Alongside this, I have had more than one experience where I am given data by an organisation usually for an interview for a "technical question". The problem with this is it is always sprung on you knowing very little of the data even things like what a given field means are opaque, is "C_Identity" and  "Customer ID" the same thing if I find them in two different databases?

So I have been thinking about how to do data analytics where the assumption that the business has the wrong assumptions, bad data and just every negative assumption and look at what statistical tools and methods exist to approach such a project. To this, I turned to data mining and ran straight into the object recognition problem which dovetailed with my thinking.

The Object Recognition Problem is that any interaction with data using a query language is reliant on already knowing what you are querying

So to this end, I have written some code which would generate either a box plot or a scatter graph for every combination of fields within a CSV. Then dump it out to disk. I have used it a few times and I find it very useful when I have no idea where to start with a data set, my problem is if you have 60 fields that are 60^2 plots to render and by the time you have a fair amount and picked out your preferred plots to present a fair time passed. Nonetheless, that's time spent by my CPU and not me and as already said I use it when I don't know where to start.  

 

Object Recognition Problem

 

So I am doing that thing again where I say I am going to do a series on a thing.

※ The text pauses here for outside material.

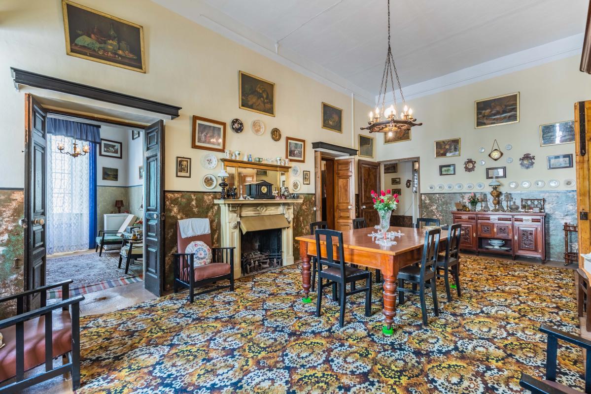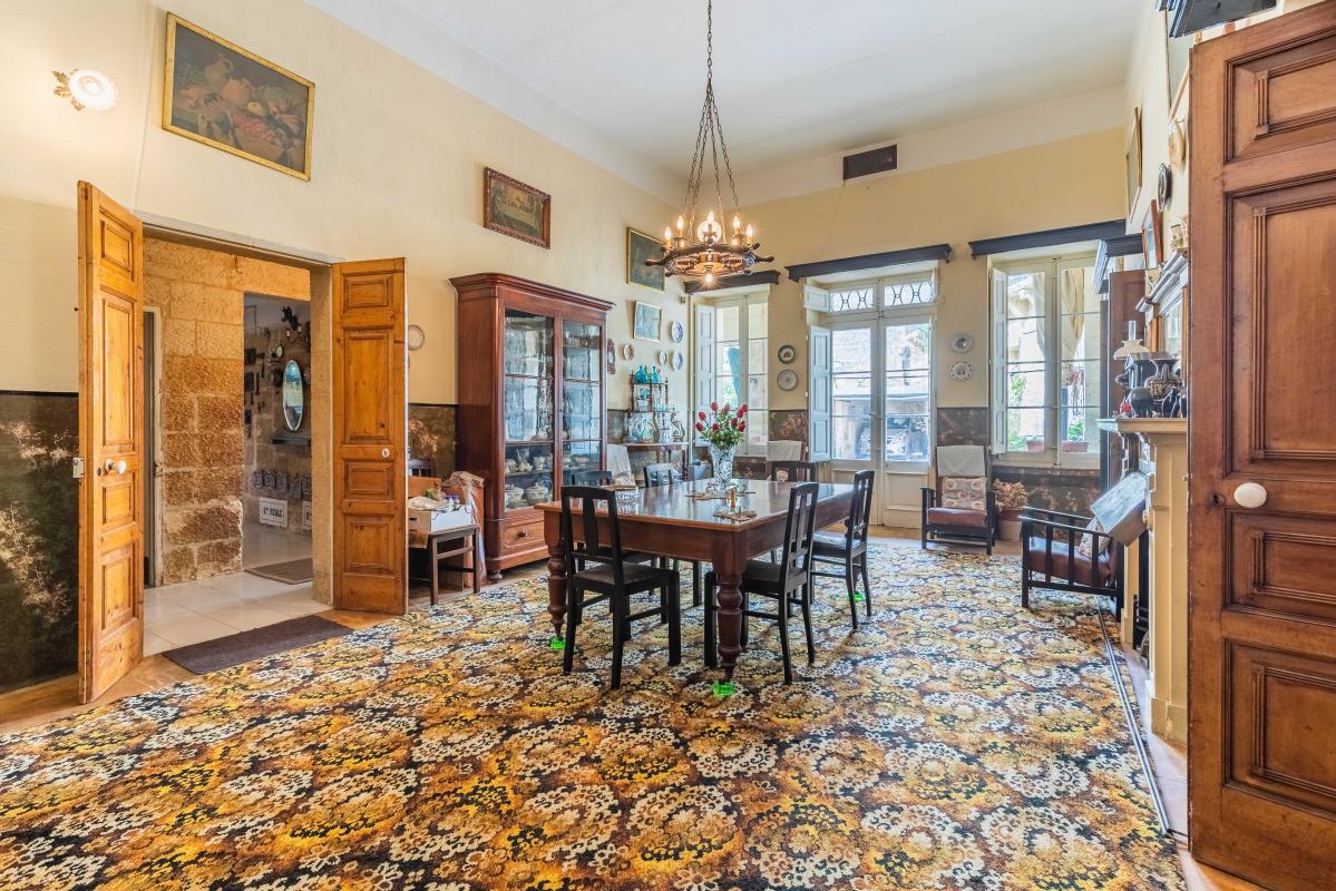 Boasting wrought iron balustrades, flagstone flooring, large wooden balconies, authentic spiral staircases, original wooden apertures, impressive frescos and murals throughout, imposing main stairwell having its own in-designed frescos, a large underlying war shelter, as well as a large arched typical cellar well-lit and aerated beneath the full house area, are just a few of the beautiful features this house offers, throwing you way back in time. The architectural plan is unique and can be seen in various areas of the house and spells out perfection, and attention to minimal detail which one can only experience to understand the cumbersome work involved in the building of such a gem! Being a large property, it offers ample light and space on every floor and the symmetry throughout every room provides comfort, luxury, and practicality in its flow. Accommodation is split between the casual and formal quarters, including such thought as a popular smoking room back in time, interconnected to a 40 sqm formal dining room overlooking the outdoor area.

Odds are I will start another series before I finish this. It is a bad habit of mine...

Though I want to work through the problem of how you would do data analysis as the 10th man and hoping to take the below code and expand it to move through analysing and mining out all the patterns.

I thought this was going to be easy. When I stopped and looked through the literature on data mining I found an interesting revelation about the Object Recognition Problem and reading through the literature I found it interesting how many places where the advice was that such methods were compromised by reliance on object recognition problems i.e. the advice was interestingly the simultaneous admission the best way to tease out the way to approach a data mining project was interviews with the business but what I thought was very interesting was the authors often lamented the problem that such analysis was only needed because the business did not know a thing.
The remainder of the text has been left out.